What you should do>
Give the data again exactly as written, without any of its pictures.

##### Given material

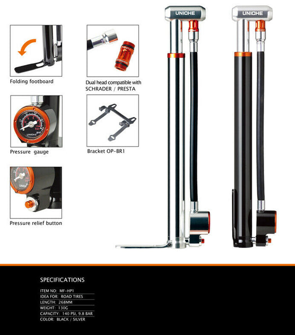 It is like a floor pump but minimized so that you can carry it when you ride. UNICHE MINI FLOOR PUMP is a lightweight and durable hand pump which is...
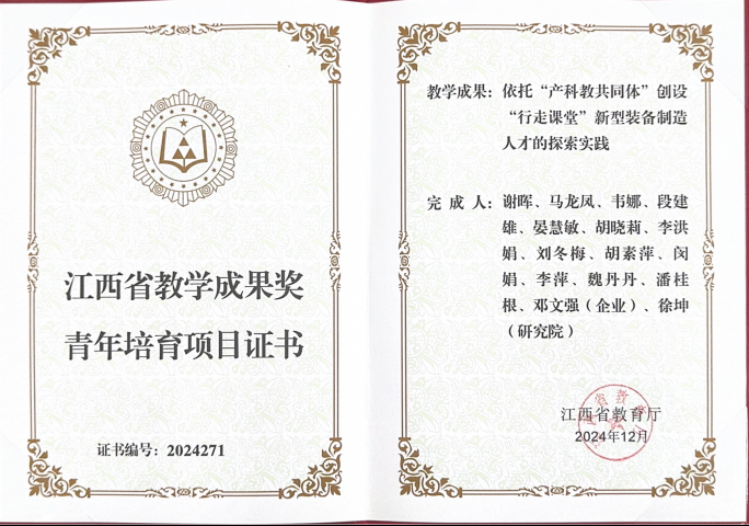 2026年江西省教学成果奖(职业教育类)实体化运行、场景化育人:产科教一体培养智造工匠的探索实践教学成果支撑材料 成果完成人: 谢.. 【查看详情】
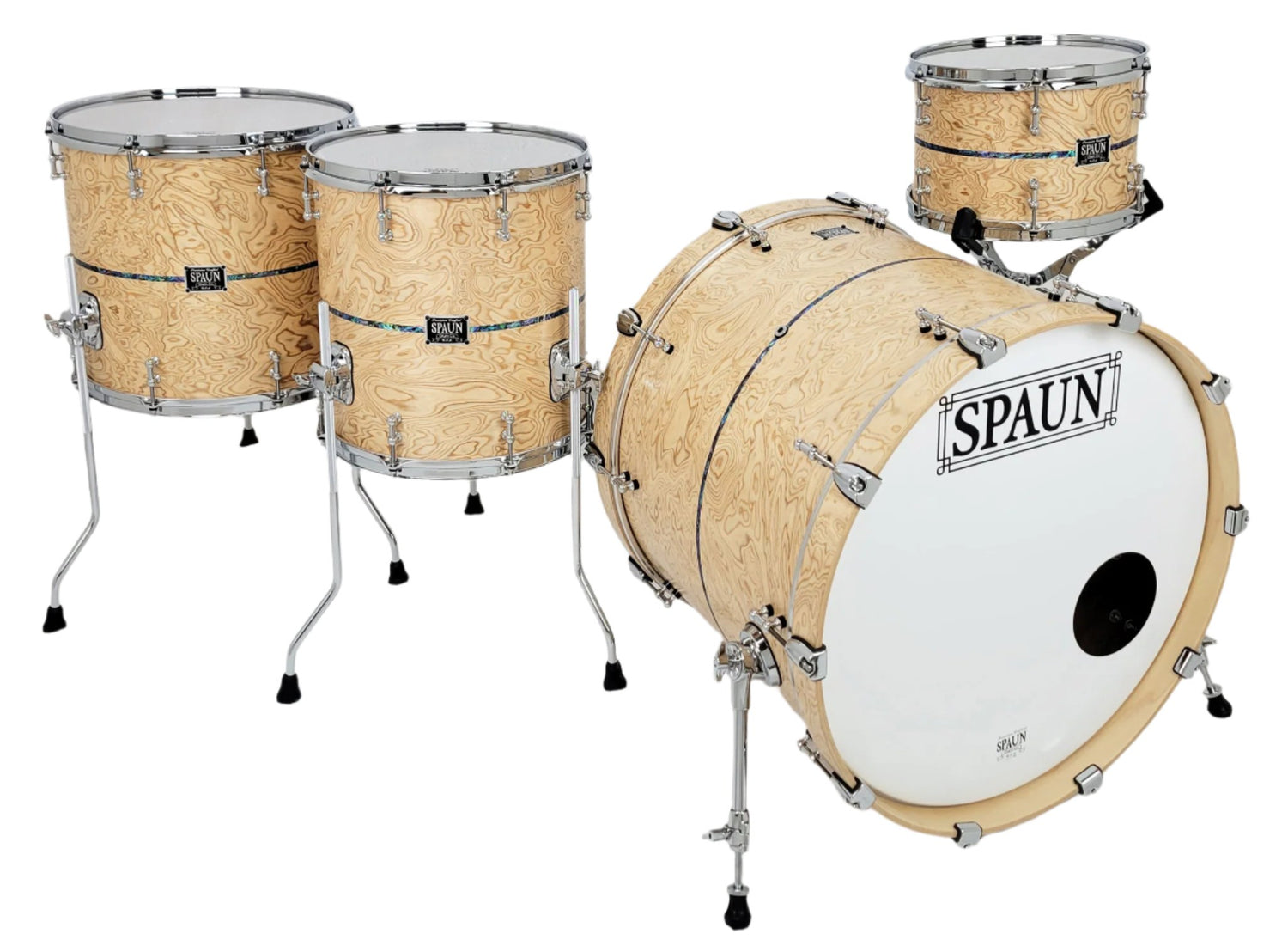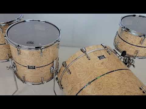 Shell Pack- 8x12 rack tom, 14x14 floor tom, 14x16 floor tom, 18x22 kick drum. This amazing walnut kit has a beautiful Olive Ash Burl face with Abalone Inlays. Natural Satin Lacquer Finish with Chrome Hardware. Features our Vintage Tube Lugs and proprietary Double 45 Degree Bearing Edges.
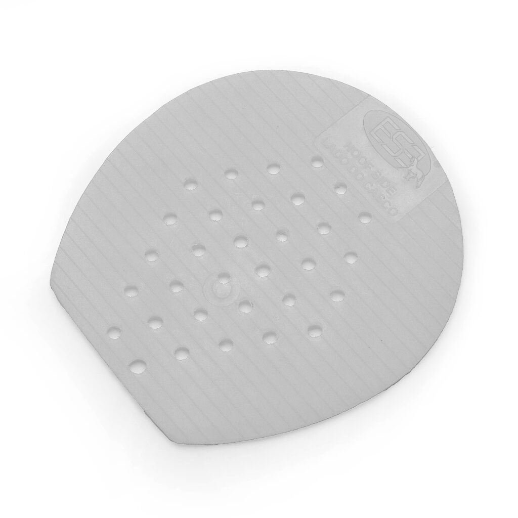Essa palmilha oferece um suporte gradual na região da ranilha, redistribuindo o peso do cavalo de forma uniforme sobre toda a sola e ranilha, reduzindo a sobrecarga na muralha do casco.

##########

Written answer>
 It is like a floor pump but minimized so that you can carry it when you ride. UNICHE MINI FLOOR PUMP is a lightweight and durable hand pump which is...
 2026年江西省教学成果奖(职业教育类)实体化运行、场景化育人:产科教一体培养智造工匠的探索实践教学成果支撑材料 成果完成人: 谢.. 【查看详情】
 Shell Pack- 8x12 rack tom, 14x14 floor tom, 14x16 floor tom, 18x22 kick drum. This amazing walnut kit has a beautiful Olive Ash Burl face with Abalone Inlays. Natural Satin Lacquer Finish with Chrome Hardware. Features our Vintage Tube Lugs and proprietary Double 45 Degree Bearing Edges.
Essa palmilha oferece um suporte gradual na região da ranilha, redistribuindo o peso do cavalo de forma uniforme sobre toda a sola e ranilha, reduzindo a sobrecarga na muralha do casco.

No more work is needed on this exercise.